Once again, the faint thunder-like sound filled the room, and the woman knew her words were having the desired effect. The closer he came to losing his temper, the better her chances were to learn something new,
“You will die for this affront,” he said at last. “As a matter of fact, I’ll kill your myself.”
“If you’re so brave,” the woman replied, “how is it I found you cowering here like a rabbit in his hole? You’re pathetic, oh mister high and mighty. You preach fear, ignorance and subservience instead of faith and morals. What I want to know is: why? Your people have already won the war. Earth’s no longer a threat to Habitat Space. So what’s the point of this charade of yours, eh? Just tell me that.”
“Not a war,” the man explained. “It was never a war. The closest word in your language is ‘discipline’. We have a saying … ‘children who play with airlocks’ … it refers to the common practise of teaching children the dangers of living in a space habitat. If a child insists on playing with an airlock we … open it.”
“You … open it to space? But … but … ”
“Unlike yourselves, our species can endure brief periods in total vacuum. The children survive the experience, but the point is made. We seldom need to repeat the lesson.”
“And what does that little tidbit of child cruelty have to do with Earth? With the War?
“We’ve studied your species thoroughly. Always, you fail to learn. You make the same mistakes over and over again. We cannot risk your continued violations of causality. We must ensure you never again develop the ability to travel in time.
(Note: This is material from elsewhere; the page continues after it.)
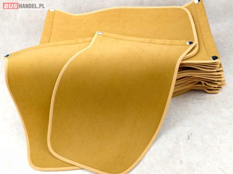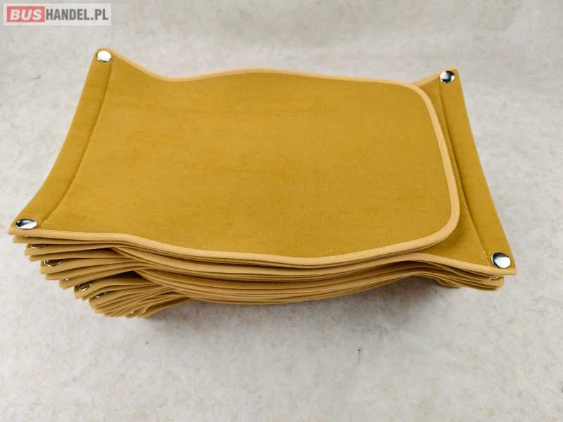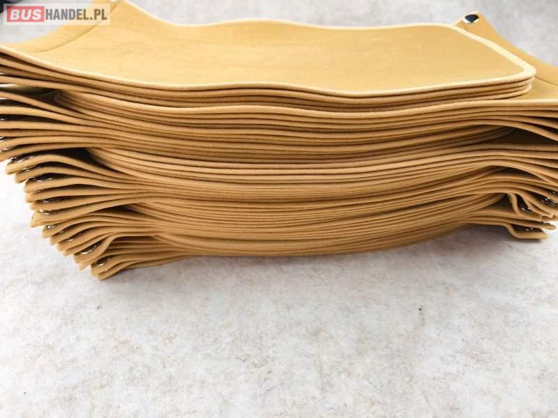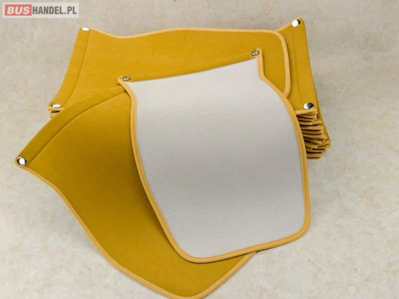 Zagłówki autobusowe, szyte na wymiar, kształt RYBKI, przedłużane i zwężane, mocowane na NAPY, dostosowane kształtem do wymiarów foteli autobusowych Sprzedający:
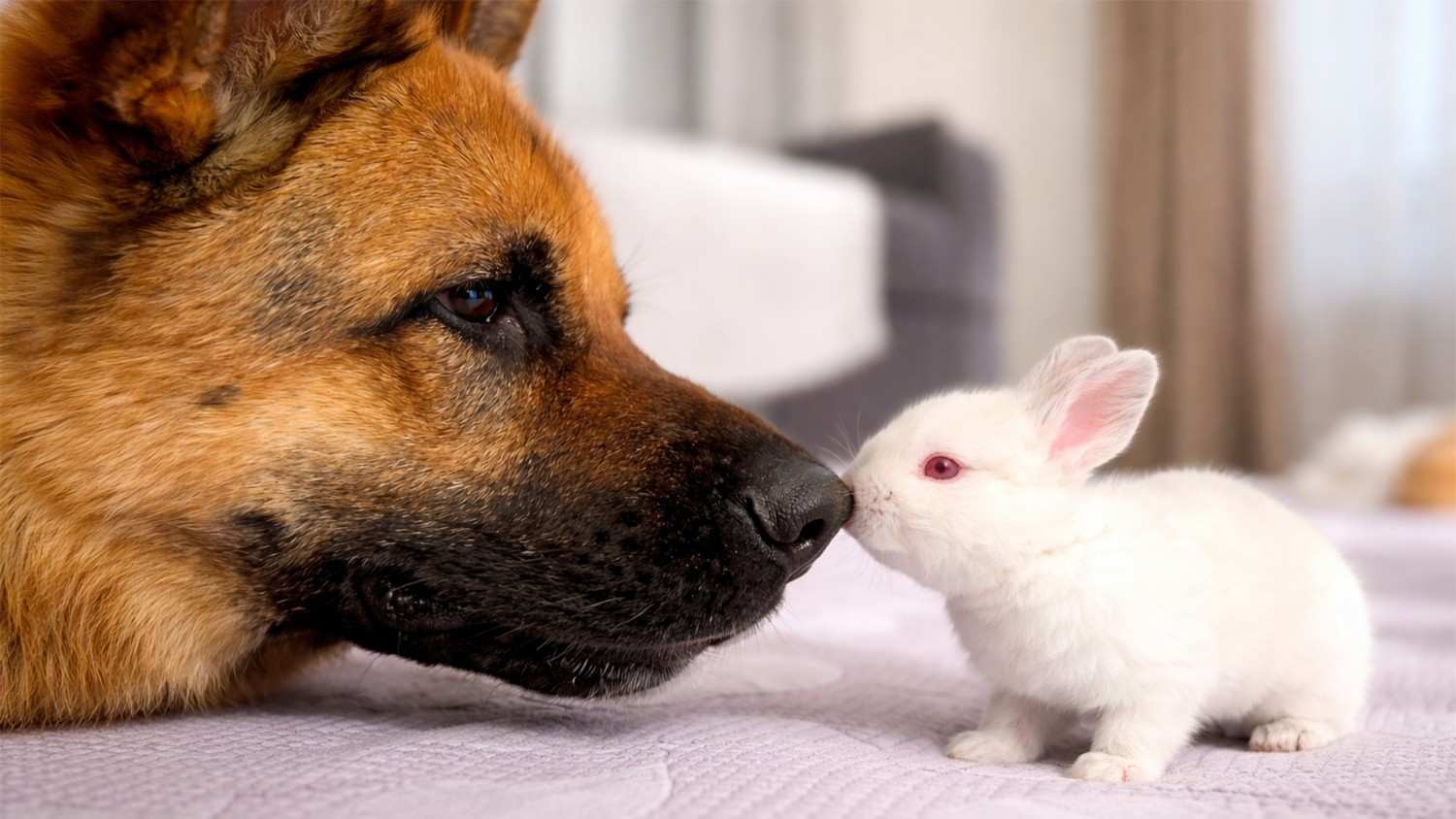 Tiny bunny wins staring contest with German shepherd

Children who refuse to learn are … I believe your word is ‘recycled’.”
Anger pressed the woman’s lips into a thin line.
“Your teaching days are over, I’m afraid,” she said and raised both hands. The air shimmered for a moment as swords composed of forcefield energy and holographic illusion appeared.
“No,” he replied, “they’re not.” He raised his right hand to reveal a concealed device, small enough to be easily hidden in the palm of his hand. Similar in appearance to the communication device Ben had used earlier, it resembled a worn stone.
“This was confiscated from a blasphemer,” he explained. “It renders the victim helpless for a short time. Once unconscious, you will be dealt with … permanently.”
One of the alien’s thumbs pressed down on the trigger at the back of the thing. Nothing happened. The old woman didn’t shake uncontrollably as her muscles contracted and relaxed in rapid succession. She didn’t collapse to the floor, helpless. Instead, she just stood there, smiling.
“Neural Jammers don’t work on me,” she explained. Then she moved, faster than was humanly possible. Her body wasn’t flesh and blood, you see, but the high-tech projection of a remote-control drone.
“How?” he managed to ask before twin swords bit into his neck and his head dropped to the floor.
“How?” she addressed the severed head as life faded from alien eyes. “Simple,” Mrs. Smith explained with a triumphant smile. “I’m not really here. In fact, you might say that I don’t even exist.”